*EXERCISE AIM*:
Keep to one stretch of the data below, the lines from the one with "3PCS Heart Shaped" up to and including the one with "Важно: одному номеру", and return that stretch exactly.

*RECORDS TO PROCESS*:
====

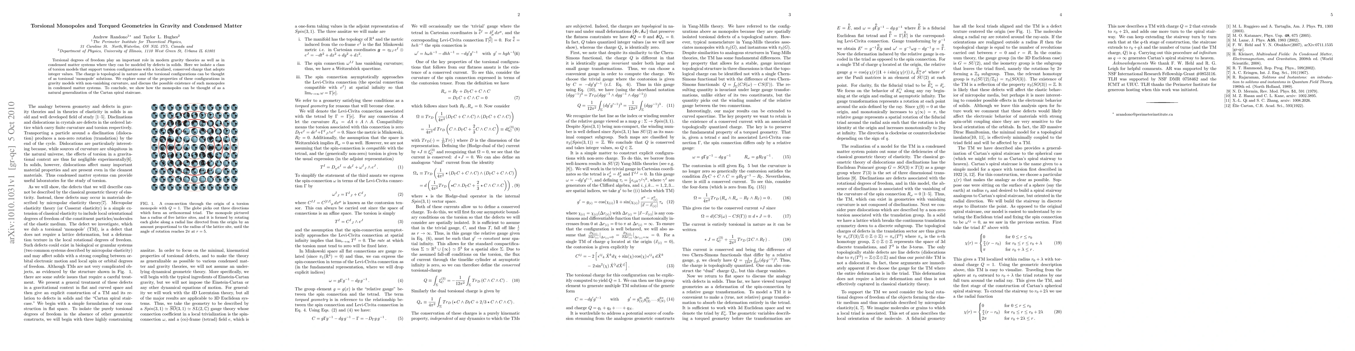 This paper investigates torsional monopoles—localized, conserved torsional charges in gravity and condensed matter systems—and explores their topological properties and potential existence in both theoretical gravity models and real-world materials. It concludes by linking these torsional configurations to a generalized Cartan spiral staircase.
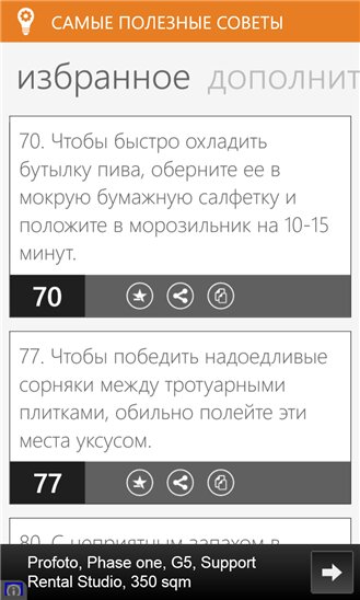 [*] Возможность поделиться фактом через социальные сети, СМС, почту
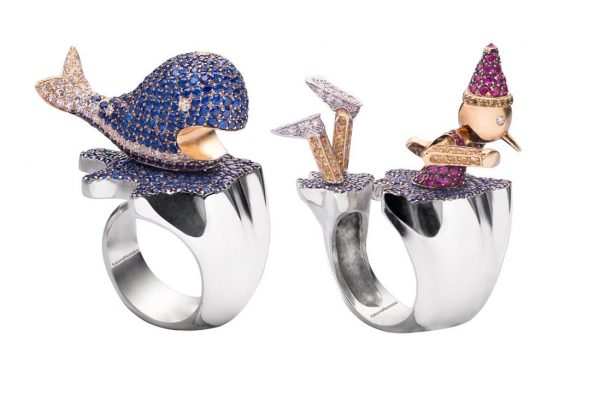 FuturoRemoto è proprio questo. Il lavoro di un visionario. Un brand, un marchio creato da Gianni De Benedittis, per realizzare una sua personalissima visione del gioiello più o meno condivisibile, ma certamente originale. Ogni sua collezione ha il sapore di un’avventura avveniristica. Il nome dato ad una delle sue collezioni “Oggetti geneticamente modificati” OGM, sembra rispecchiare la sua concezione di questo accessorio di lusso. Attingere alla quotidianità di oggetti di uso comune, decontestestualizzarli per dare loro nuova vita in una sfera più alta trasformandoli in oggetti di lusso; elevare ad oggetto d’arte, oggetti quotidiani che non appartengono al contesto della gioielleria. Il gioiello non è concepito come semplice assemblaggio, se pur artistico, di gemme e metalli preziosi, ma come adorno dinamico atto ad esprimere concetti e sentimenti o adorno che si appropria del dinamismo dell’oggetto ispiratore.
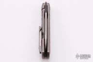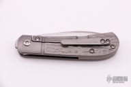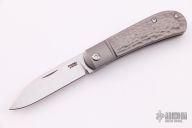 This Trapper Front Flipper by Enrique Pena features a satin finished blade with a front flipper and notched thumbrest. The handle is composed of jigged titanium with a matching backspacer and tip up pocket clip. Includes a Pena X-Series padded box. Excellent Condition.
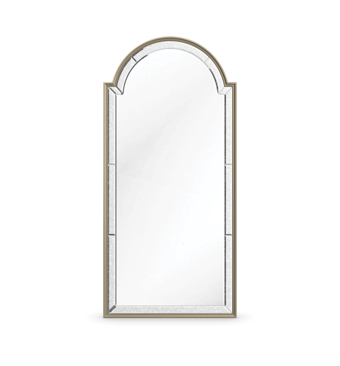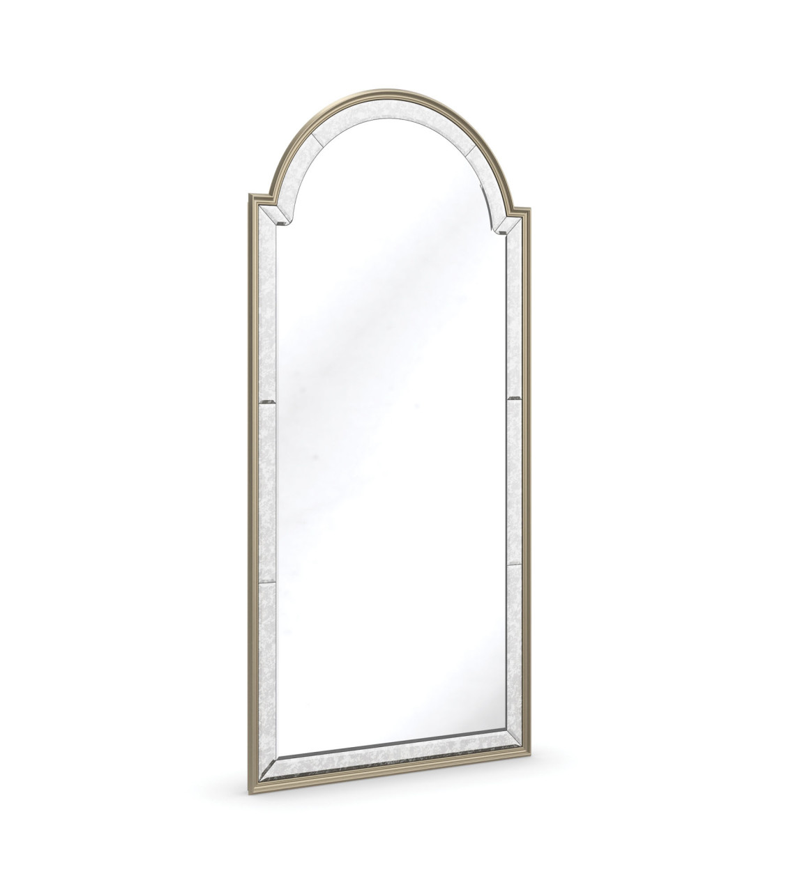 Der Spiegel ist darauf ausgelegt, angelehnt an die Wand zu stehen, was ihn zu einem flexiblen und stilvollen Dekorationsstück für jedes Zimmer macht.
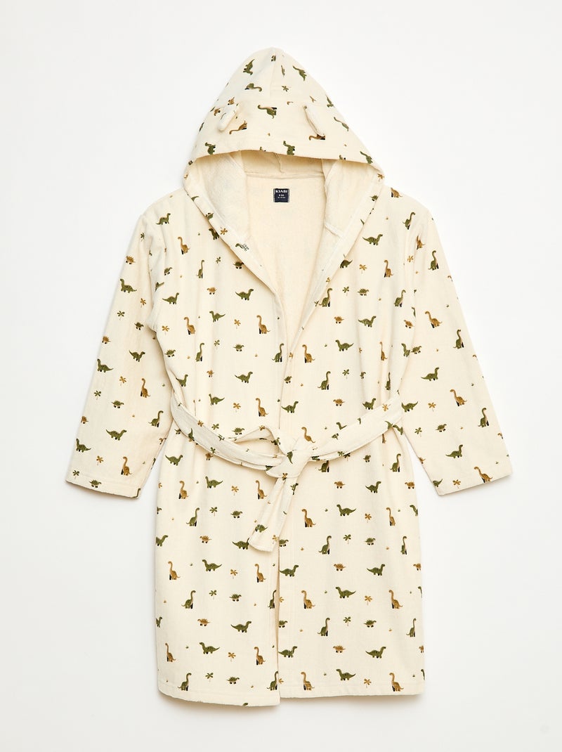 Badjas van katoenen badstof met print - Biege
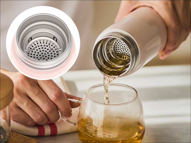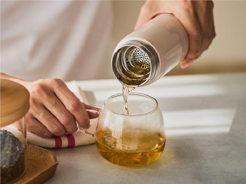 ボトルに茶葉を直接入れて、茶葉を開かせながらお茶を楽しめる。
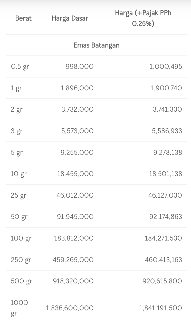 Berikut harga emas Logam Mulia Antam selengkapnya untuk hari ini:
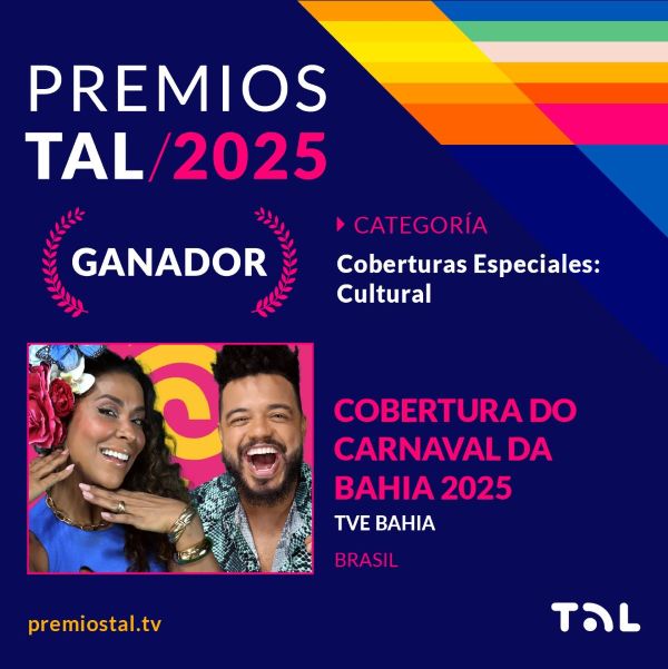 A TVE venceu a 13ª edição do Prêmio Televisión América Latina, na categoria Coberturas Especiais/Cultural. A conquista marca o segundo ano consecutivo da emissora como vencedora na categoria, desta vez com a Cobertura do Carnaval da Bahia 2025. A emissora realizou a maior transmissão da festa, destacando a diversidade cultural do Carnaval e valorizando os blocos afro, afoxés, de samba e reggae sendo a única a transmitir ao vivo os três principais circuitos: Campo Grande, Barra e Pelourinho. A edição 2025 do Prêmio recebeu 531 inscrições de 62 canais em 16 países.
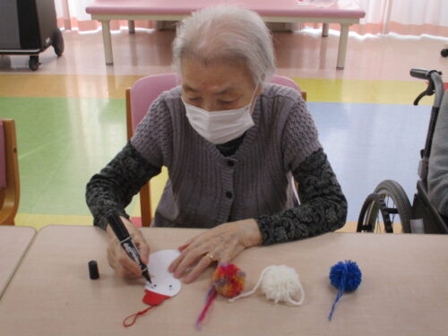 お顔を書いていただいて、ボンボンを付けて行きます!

====

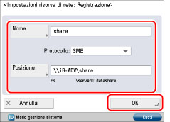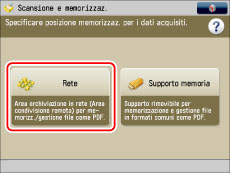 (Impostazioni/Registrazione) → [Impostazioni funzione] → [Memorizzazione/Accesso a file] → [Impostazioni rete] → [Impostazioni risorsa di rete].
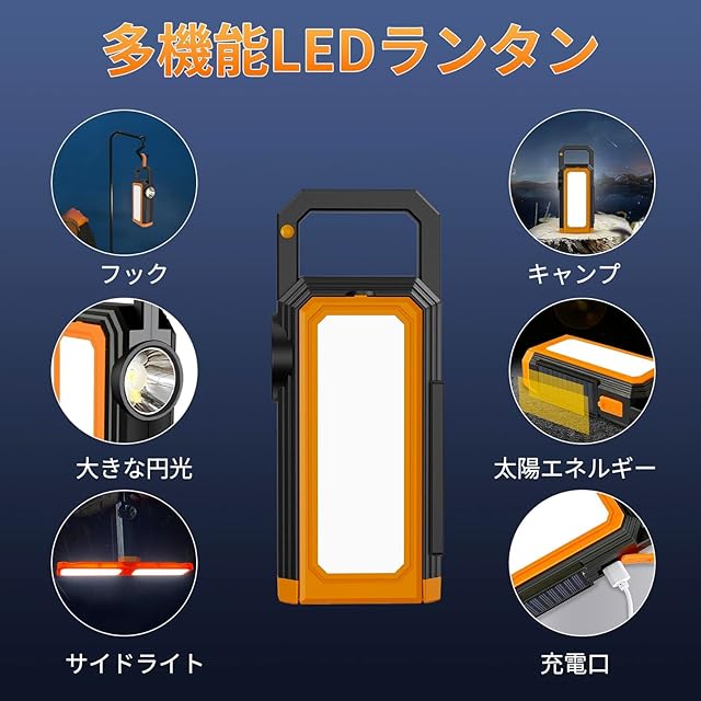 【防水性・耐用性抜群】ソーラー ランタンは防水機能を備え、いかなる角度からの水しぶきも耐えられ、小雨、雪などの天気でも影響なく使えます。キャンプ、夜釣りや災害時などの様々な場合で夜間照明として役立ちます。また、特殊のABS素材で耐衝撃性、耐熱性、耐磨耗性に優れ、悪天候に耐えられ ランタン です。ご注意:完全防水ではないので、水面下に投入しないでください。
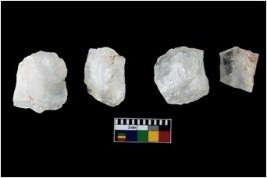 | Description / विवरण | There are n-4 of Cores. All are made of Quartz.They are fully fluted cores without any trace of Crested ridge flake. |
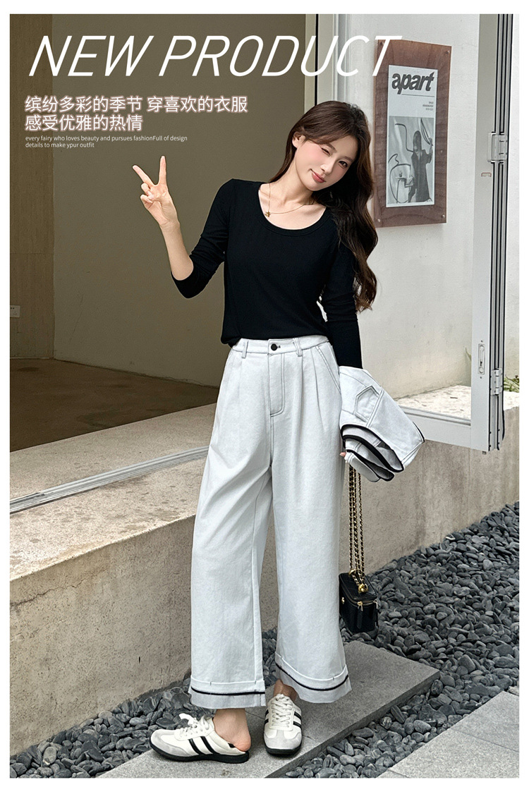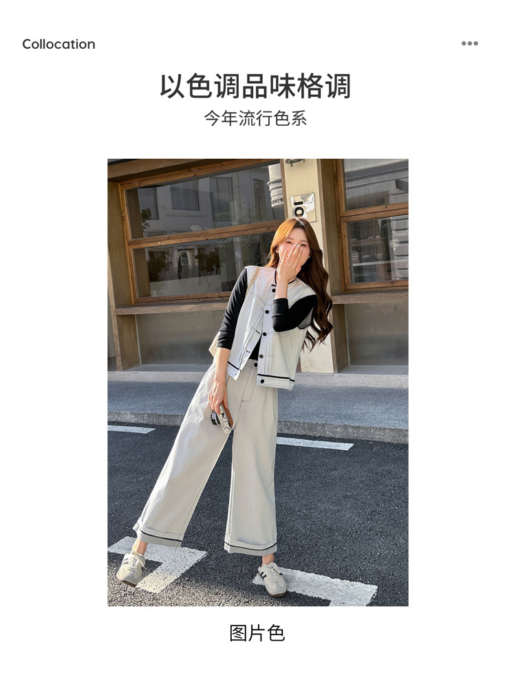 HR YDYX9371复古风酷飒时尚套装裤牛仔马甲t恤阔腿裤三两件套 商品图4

====

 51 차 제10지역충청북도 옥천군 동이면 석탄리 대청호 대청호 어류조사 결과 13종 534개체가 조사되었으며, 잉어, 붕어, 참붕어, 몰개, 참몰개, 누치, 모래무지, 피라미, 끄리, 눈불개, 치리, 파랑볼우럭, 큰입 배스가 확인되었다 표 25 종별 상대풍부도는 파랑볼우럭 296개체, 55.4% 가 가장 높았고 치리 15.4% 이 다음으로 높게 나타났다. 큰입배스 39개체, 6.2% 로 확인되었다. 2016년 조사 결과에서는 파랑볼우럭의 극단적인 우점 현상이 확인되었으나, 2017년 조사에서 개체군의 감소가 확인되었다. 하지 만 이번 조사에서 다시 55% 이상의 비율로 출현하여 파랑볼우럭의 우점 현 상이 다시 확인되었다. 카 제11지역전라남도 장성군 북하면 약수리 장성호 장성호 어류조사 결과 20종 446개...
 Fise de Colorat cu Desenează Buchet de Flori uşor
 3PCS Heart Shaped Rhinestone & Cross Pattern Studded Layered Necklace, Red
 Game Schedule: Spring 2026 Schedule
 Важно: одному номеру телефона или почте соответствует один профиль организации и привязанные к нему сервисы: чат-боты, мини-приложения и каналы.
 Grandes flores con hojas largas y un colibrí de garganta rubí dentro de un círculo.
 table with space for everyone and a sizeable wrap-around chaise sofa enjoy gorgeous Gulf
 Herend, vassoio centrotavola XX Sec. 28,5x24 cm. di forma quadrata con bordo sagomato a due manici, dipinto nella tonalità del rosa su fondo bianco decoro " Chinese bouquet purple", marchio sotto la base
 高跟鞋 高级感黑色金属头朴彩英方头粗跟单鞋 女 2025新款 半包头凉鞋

====

*TASK RESPONSE*:
 3PCS Heart Shaped Rhinestone & Cross Pattern Studded Layered Necklace, Red
 Game Schedule: Spring 2026 Schedule
 Важно: одному номеру телефона или почте соответствует один профиль организации и привязанные к нему сервисы: чат-боты, мини-приложения и каналы.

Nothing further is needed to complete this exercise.